Early in the solo confection titled Pearl Necklace: A Gay Sexcapade, writer–performer Jamie Brickhouse, with the practiced archness of a raconteur who knows exactly how many layers of irony he has piled onto his own persona, notes that both title and subtitle serve as a kind of auto-generated trigger warning—an amuse-bouche of camp before the main course of confession. Yet by the time this funny, forthright, and unexpectedly affecting monologue glides to its close, the titular “pearl necklace” has metamorphosed into something far more intricately strung: an emblem of a life co-authored with another person and, simultaneously, a steadfast refusal to bend one’s erotic compass toward the north star of monogamy as ordained by heteronormative orthodoxy—jargon the piece knowingly teases even as it deploys it. 

Recently presented as part of the 14th annual Gotham Storytelling Festival, presented by FRIGID New York at UNDER St. Marks and wild project, after a prior engagement in the 2024 Queerly Festival—FRIGID New York’s yearly celebration of queer theatremakers, curated by Co-Artistic Director Jimmy Lovett—the show situates itself within a decade-strong tradition of giving LGBTQ+ artists both the space and the latitude to speak in their own fabulously varied registers.

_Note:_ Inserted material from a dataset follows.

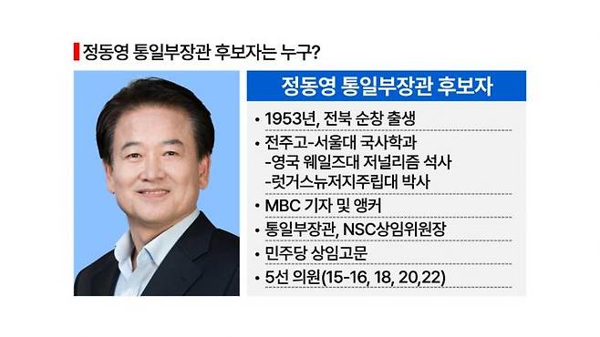 정 후보자는 1953년 전북 순창에서 태어났다. 전주고-서울대 국사학과를 나왔다. 영국 웨일스대에서 저널리즘 석사 학위를 받았다. 15대 때인 1996년 국회에 진입했다. 노무현 정부에서 열린우리당 당의장, 통일부 장관, NSC 상임위원장 등을 지냈다. 민주당 상임고문으로 5선 의원(전북 전주시병)이다.1974년 육군에 입대해 병장으로 군 복무를 마쳤다. 재산은 21억 9000만원 정도 된다.

Brickhouse himself is a practiced virtuoso of the anecdotal aria, an award-winning writer and storyteller who traverses stages, streaming platforms, and social media landscapes with equal ease. “And to put you at ease, there won’t be full frontal nudity in this show. You’re welcome.” Pearl Necklace showcases this facility in abundance: his tales arrive adorned with the kind of sensory detail that feels less remembered than freshly unearthed, as if we were witnessing the spontaneous archaeology of a life. A pandemic-era wedding (via Zoom, so they’re only wearing non-matching tuxedo blazers and no bottoms) to his longtime partner functions as the elegant clasp that fastens these narrative beads, allowing Brickhouse to wander across four decades of erotic misadventure and personal formation. 

We begin in 1982, in the conservative crucible of a small Texas town, “finding my tribe in the  -big surprise- drama department!” Then leap through time and geography—from the local library (where Brickhouse’s youthful discovery of Lillian Hellman’s The Children’s Hour inadvertently conjures our present national mania for purging queer texts from shelves) to collegiate hallways, to the sylvan anonymity of Central Park, and on to the sun-drunk expanses of Fire Island.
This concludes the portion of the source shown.